[Information supplied — start]
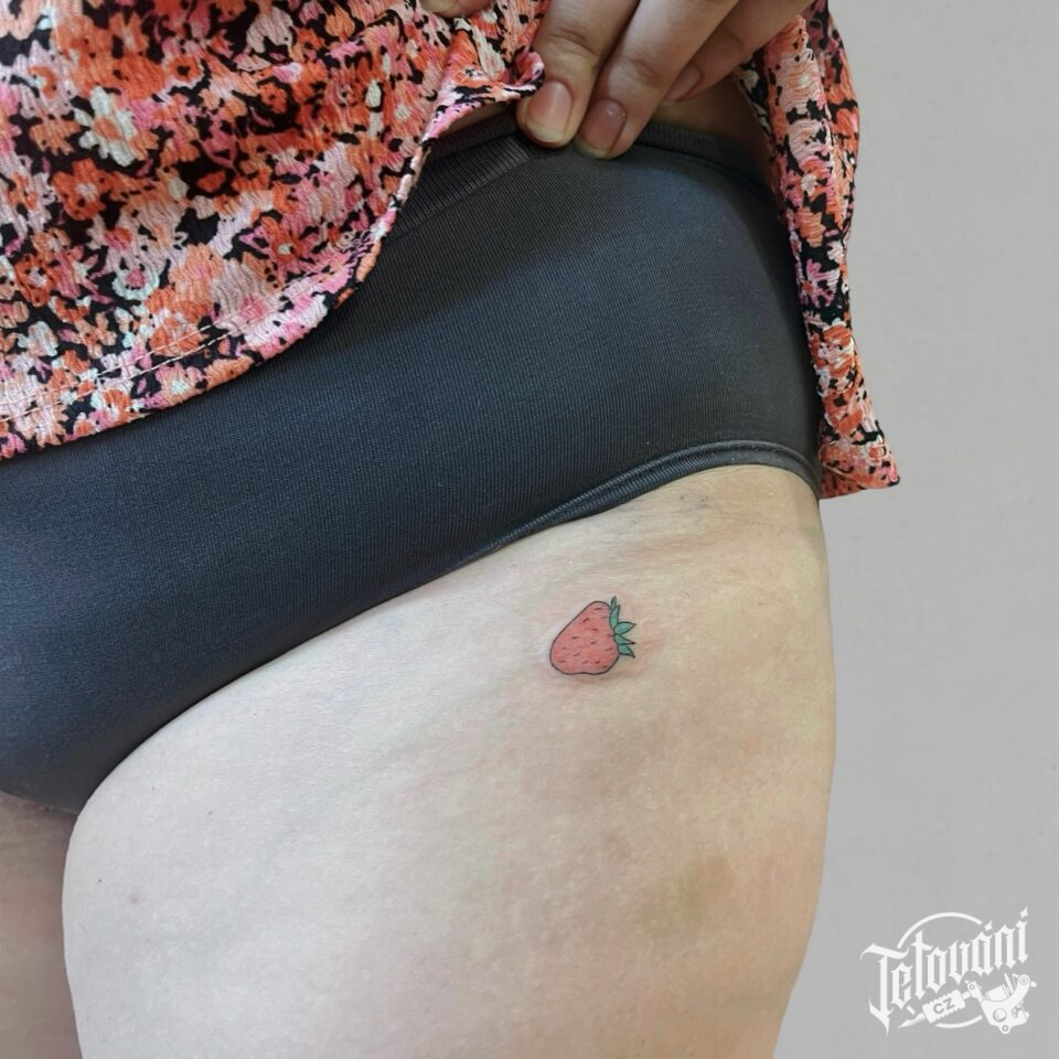 Tetování znak a symbol zdraví, jahoda na bok stehna
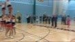 Prince Edward opens Leicester leisure centre; Edward chatting to performers / Edward entering leisure centre buildingINT**BEWARE FLASH PHOTOGRAPHY**People on balcony waving flags / Edward along and chatting to man and starting swimming race / Edward chatting as race going on / Edward along into sports hall and watching netball match / Edward chatting to netball players / Edward along and chatting to badminton players / Edward along and watching cheerleaders / Edward chatting to cheerleaders / Edward along in gym and chatting to staff / Edward watching people on climbing wall / Edward along Edward speech as opening curtains to unveil plaque SOTCheerleaders cheering / Edward along as appaluse / plaque ' De Montford University The Queen Elizabeth II Diamond Jubilee Leisure Centre opend by HRH The Earl of Wessex KG GCVO'
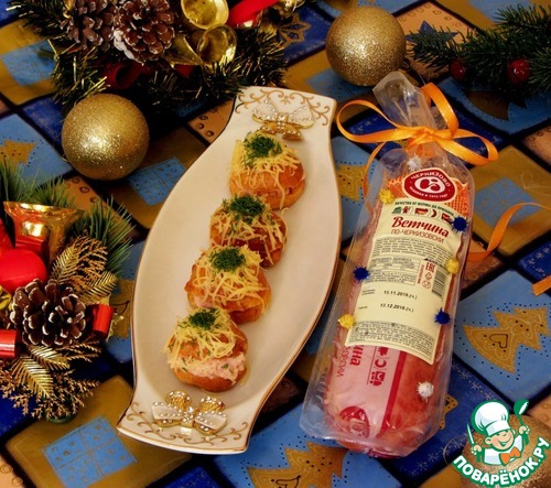 Для такой легкой закуски, как профитроли, всегда найдется место на праздничном столе. Необычными их сделает наполнение в виде ветчинного крема. А поможет нам в этом очень вкусная "Ветчина по-Черкизовски".
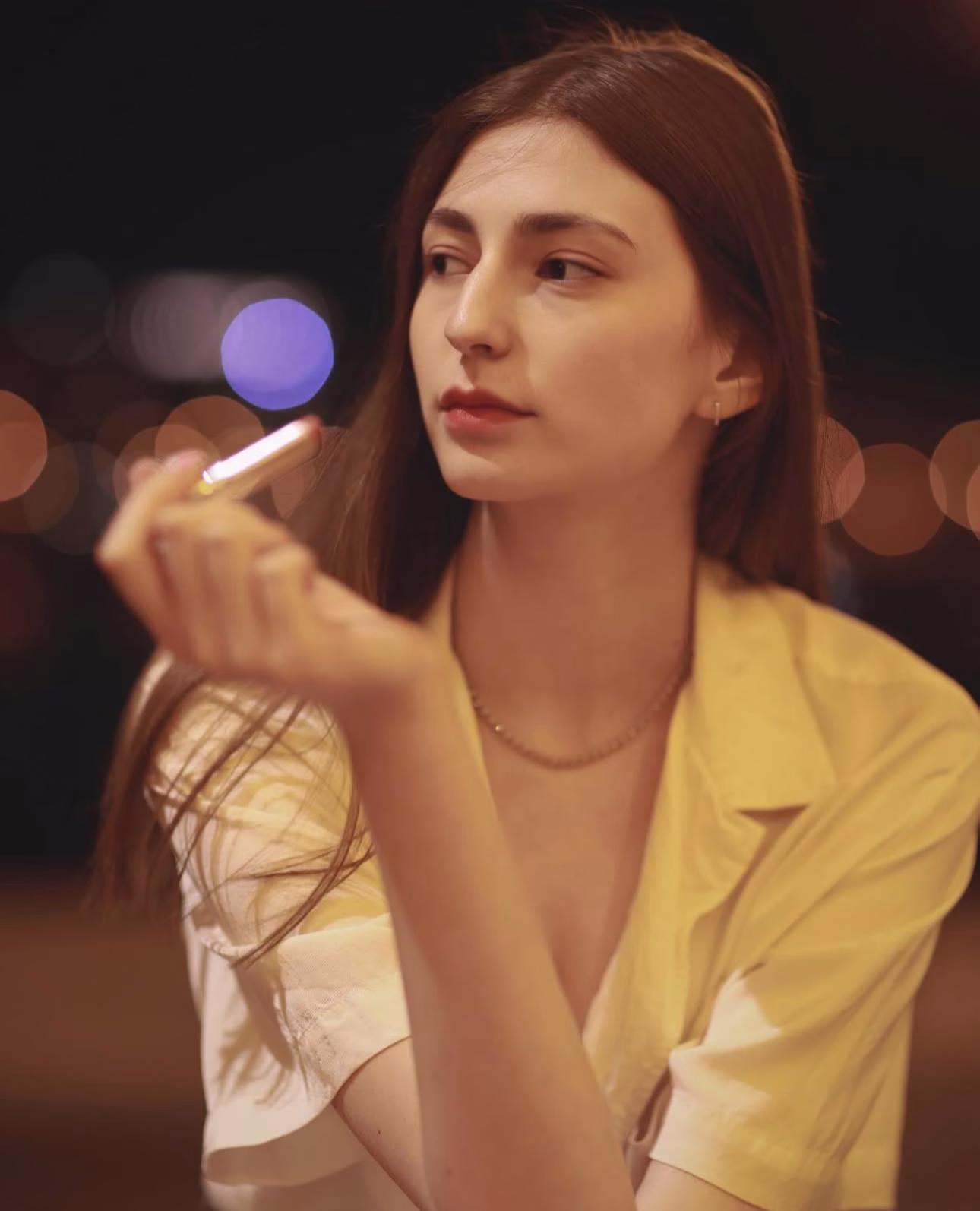 Slim, 174 cm tall, long hair with light brown color, hazel eyes, clear skin.
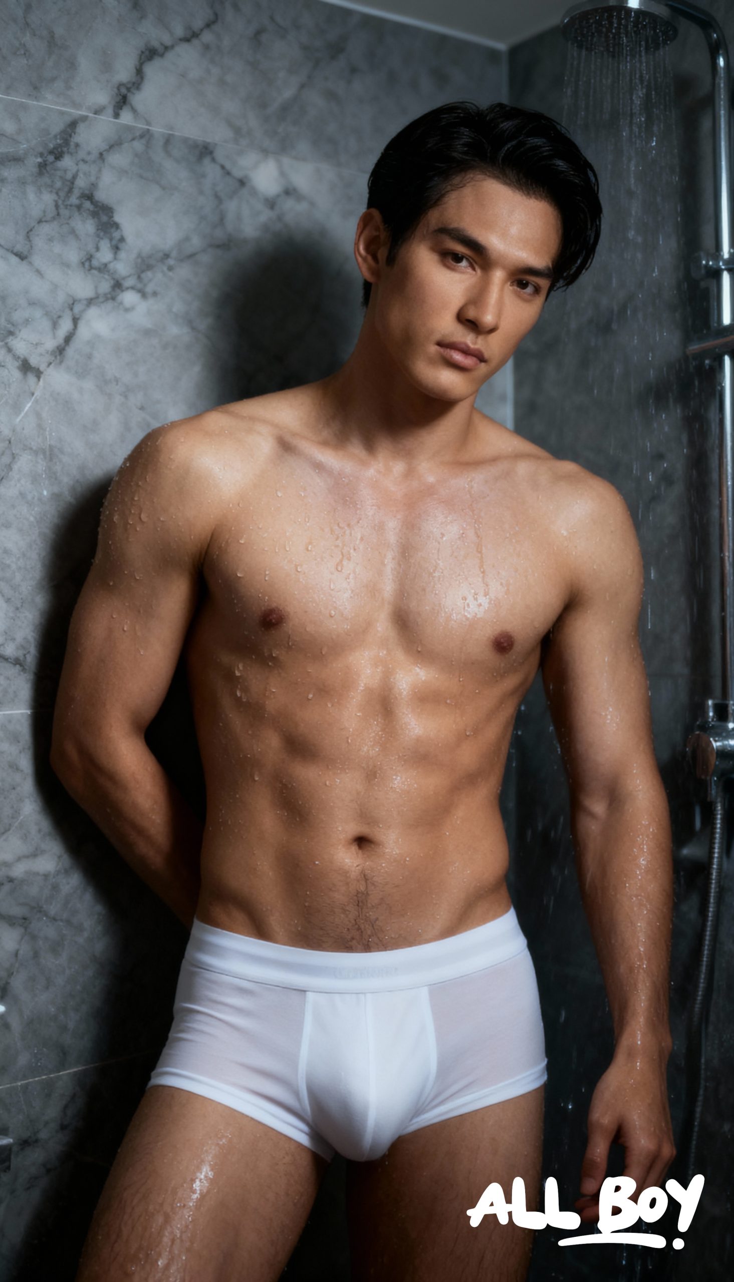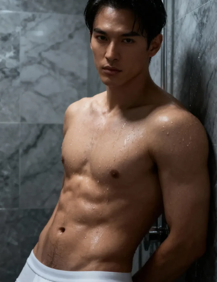 โอ้โห…ภาพเซ็ตนี้คือที่สุดของความร้อนแรงเลยครับ! ยืนอาบน้ำพร้อมกับส่งสายตาที่ทรงพลังมองตรงมาแบบนี้ บอกเลยว่าใจสั่นไปหมดแล้ว หยดน้ำที่เกาะอยู่บนร่างกายยิ่งขับเน้นให้รูปร่างของเขาดูโดดเด่นขึ้นไปอีก เป็นภาพที่ทั้งเซ็กซี่และมีเสน่ห์ดึงดูดมากๆ หยุดมองไม่ได้เลยจริงๆ ครับ
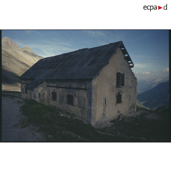 Position des Gondrans. Casernement en service et la piste qui monte à flanc du Janus.
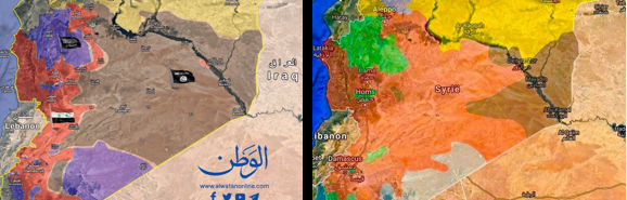 As for the war itself, Syria has made massive gains since the beginning of the year. However, as you can see below, there are still many colors within the borders: red – Syrian government; brown – ISIS; yellow –Kurds; green/purple – Al Qaeda.
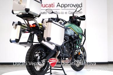 Ducati Verona - Bosetti Moto, il tuo punto di riferimento per le moto usate e certificate. Offriamo solo moto controllate e garantite, per acquisti in totale serenità. Qui ti proponiamo una straordinaria opportunità: Benelli TRK 702 X (2024) - Super Accessoriata, Catena/Corona/Pignone Nuovi! La maxi-enduro per eccellenza, pronta per macinare chilometri e avventure! Proponiamo questa Benelli TRK 702 X, immatricolata a maggio 2024. Con 23.332 km la moto è stata usata intensamente ma è mantenuta in ottime condizioni ed è già completa di accessori fondamentali. Ideale per chi cerca una moto affidabile, accessoriata e con la manutenzione straordinaria appena eseguita, ad un prezzo imbattibile. Caratteristiche Principali: Modello: Benelli TRK 702 X Data Immatricolazione: Maggio 2024 Chilometraggio: 23.332 km Motore: Bicilindrico, 698 cc. Punti di Forza e Dotazione Esclusiva: Full Adventure: Completa di Tris di borse in alluminio originali Benelli, perfette per i lunghi viaggi. Protezione Extra: Dotata di paramotore originali per una maggiore sicurezza. Manutenzione Eseguita: Catena, corona e pignone sono stati appena sostituiti, garantendo una trasmissione nuova. Condizioni Ottime: Nonostante il chilometraggio, la moto è stata curata e si presenta in ottime condizioni generali. Garanzia Dealer: Coperta da garanzia di conformità. Possibilità di finanziamento. Condizioni di Vendita: Prezzo già scontato (valido solo senza ritiro usato): 5.490 € Prezzo di listino (valido per inizio trattativa o con ritiro usato): 5.990 € Offriamo finanziamenti e permute con moto o OROLOGI di nostro gradimento, e acquistiamo moto con pagamento immediato. Contatti: Ducati Verona - Bosetti Moto Info e prenotazioni: N.B.: La dotazione tecnica e gli accessori possono variare. Verificare l'equipaggiamento specifico del veicolo in sede. Ducati Verona declina ogni responsabilità per involontarie incongruenze. I veicoli ritirati ai sensi
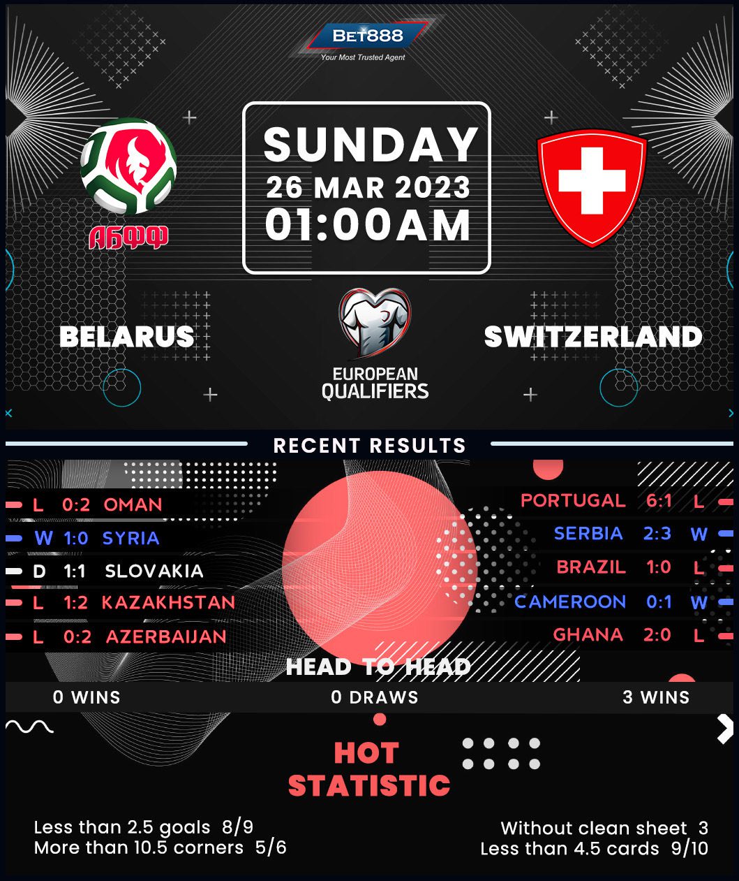 It’s been over 20 years since Belarus last qualified for a major international tournament, most recently reaching the 2002 World Cup. Yet to secure a European Championship appearance as an independent nation, the hosts will be desperate for a strong start after an underwhelming run of form in their last eight matches down the tail-end of 2022 (W1, D3, L4). Unfortunately for the ‘White Wings,’ Russia’s invasion of Ukraine has forced them to play home games in Serbia, derailing their faint hopes of capturing a first competitive triumph since March 2021. Indeed, they’ve suffered ten defeats in their last 13 matches in all competitions (D3). Another disappointment is well on the cards, considering they’ve lost both previous competitive meetings with Switzerland without scoring. The last time they met, the Swiss ran out 1-0 victors in an international friendly in 2017.
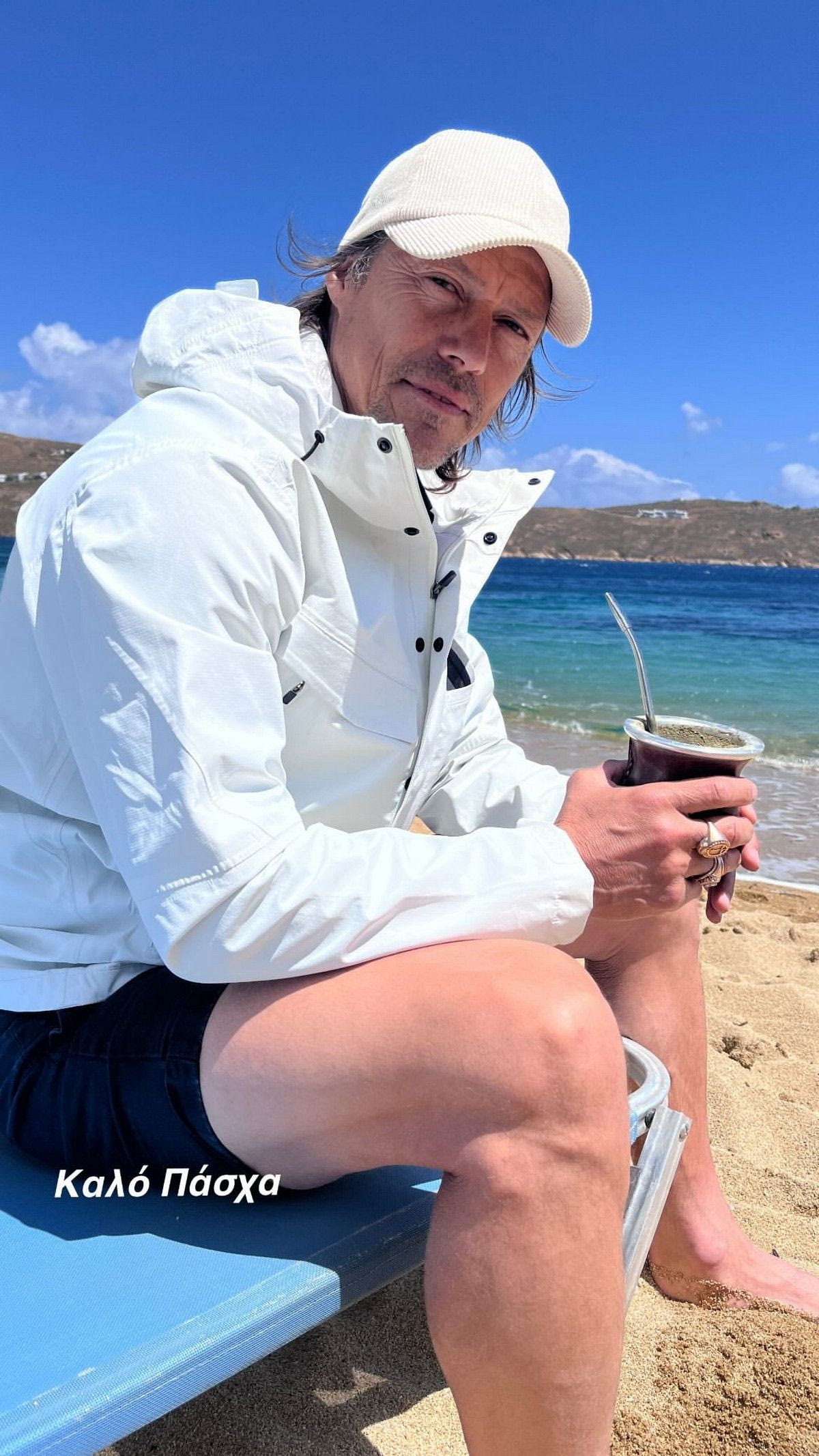 Σε παραλία νησιού με το παραδοσιακό ρόφημα των Λατινοαμερικάνων, μάτε, περνάει ο προπονητής της ΑΕΚ, Ματίας Αλμέιδα την Κυριακή του Πάσχα.
[Information supplied — finish]
_Work instruction_:
From the first record to the last, transcribe everything exactly but drop the pictures.

_Answer section_:
 Tetování znak a symbol zdraví, jahoda na bok stehna
 Prince Edward opens Leicester leisure centre; Edward chatting to performers / Edward entering leisure centre buildingINT**BEWARE FLASH PHOTOGRAPHY**People on balcony waving flags / Edward along and chatting to man and starting swimming race / Edward chatting as race going on / Edward along into sports hall and watching netball match / Edward chatting to netball players / Edward along and chatting to badminton players / Edward along and watching cheerleaders / Edward chatting to cheerleaders / Edward along in gym and chatting to staff / Edward watching people on climbing wall / Edward along Edward speech as opening curtains to unveil plaque SOTCheerleaders cheering / Edward along as appaluse / plaque ' De Montford University The Queen Elizabeth II Diamond Jubilee Leisure Centre opend by HRH The Earl of Wessex KG GCVO'
 Для такой легкой закуски, как профитроли, всегда найдется место на праздничном столе. Необычными их сделает наполнение в виде ветчинного крема. А поможет нам в этом очень вкусная "Ветчина по-Черкизовски".
 Slim, 174 cm tall, long hair with light brown color, hazel eyes, clear skin.
 โอ้โห…ภาพเซ็ตนี้คือที่สุดของความร้อนแรงเลยครับ! ยืนอาบน้ำพร้อมกับส่งสายตาที่ทรงพลังมองตรงมาแบบนี้ บอกเลยว่าใจสั่นไปหมดแล้ว หยดน้ำที่เกาะอยู่บนร่างกายยิ่งขับเน้นให้รูปร่างของเขาดูโดดเด่นขึ้นไปอีก เป็นภาพที่ทั้งเซ็กซี่และมีเสน่ห์ดึงดูดมากๆ หยุดมองไม่ได้เลยจริงๆ ครับ
 Position des Gondrans. Casernement en service et la piste qui monte à flanc du Janus.
 As for the war itself, Syria has made massive gains since the beginning of the year. However, as you can see below, there are still many colors within the borders: red – Syrian government; brown – ISIS; yellow –Kurds; green/purple – Al Qaeda.
 Ducati Verona - Bosetti Moto, il tuo punto di riferimento per le moto usate e certificate. Offriamo solo moto controllate e garantite, per acquisti in totale serenità. Qui ti proponiamo una straordinaria opportunità: Benelli TRK 702 X (2024) - Super Accessoriata, Catena/Corona/Pignone Nuovi! La maxi-enduro per eccellenza, pronta per macinare chilometri e avventure! Proponiamo questa Benelli TRK 702 X, immatricolata a maggio 2024. Con 23.332 km la moto è stata usata intensamente ma è mantenuta in ottime condizioni ed è già completa di accessori fondamentali. Ideale per chi cerca una moto affidabile, accessoriata e con la manutenzione straordinaria appena eseguita, ad un prezzo imbattibile. Caratteristiche Principali: Modello: Benelli TRK 702 X Data Immatricolazione: Maggio 2024 Chilometraggio: 23.332 km Motore: Bicilindrico, 698 cc. Punti di Forza e Dotazione Esclusiva: Full Adventure: Completa di Tris di borse in alluminio originali Benelli, perfette per i lunghi viaggi. Protezione Extra: Dotata di paramotore originali per una maggiore sicurezza. Manutenzione Eseguita: Catena, corona e pignone sono stati appena sostituiti, garantendo una trasmissione nuova. Condizioni Ottime: Nonostante il chilometraggio, la moto è stata curata e si presenta in ottime condizioni generali. Garanzia Dealer: Coperta da garanzia di conformità. Possibilità di finanziamento. Condizioni di Vendita: Prezzo già scontato (valido solo senza ritiro usato): 5.490 € Prezzo di listino (valido per inizio trattativa o con ritiro usato): 5.990 € Offriamo finanziamenti e permute con moto o OROLOGI di nostro gradimento, e acquistiamo moto con pagamento immediato. Contatti: Ducati Verona - Bosetti Moto Info e prenotazioni: N.B.: La dotazione tecnica e gli accessori possono variare. Verificare l'equipaggiamento specifico del veicolo in sede. Ducati Verona declina ogni responsabilità per involontarie incongruenze. I veicoli ritirati ai sensi
 It’s been over 20 years since Belarus last qualified for a major international tournament, most recently reaching the 2002 World Cup. Yet to secure a European Championship appearance as an independent nation, the hosts will be desperate for a strong start after an underwhelming run of form in their last eight matches down the tail-end of 2022 (W1, D3, L4). Unfortunately for the ‘White Wings,’ Russia’s invasion of Ukraine has forced them to play home games in Serbia, derailing their faint hopes of capturing a first competitive triumph since March 2021. Indeed, they’ve suffered ten defeats in their last 13 matches in all competitions (D3). Another disappointment is well on the cards, considering they’ve lost both previous competitive meetings with Switzerland without scoring. The last time they met, the Swiss ran out 1-0 victors in an international friendly in 2017.
 Σε παραλία νησιού με το παραδοσιακό ρόφημα των Λατινοαμερικάνων, μάτε, περνάει ο προπονητής της ΑΕΚ, Ματίας Αλμέιδα την Κυριακή του Πάσχα.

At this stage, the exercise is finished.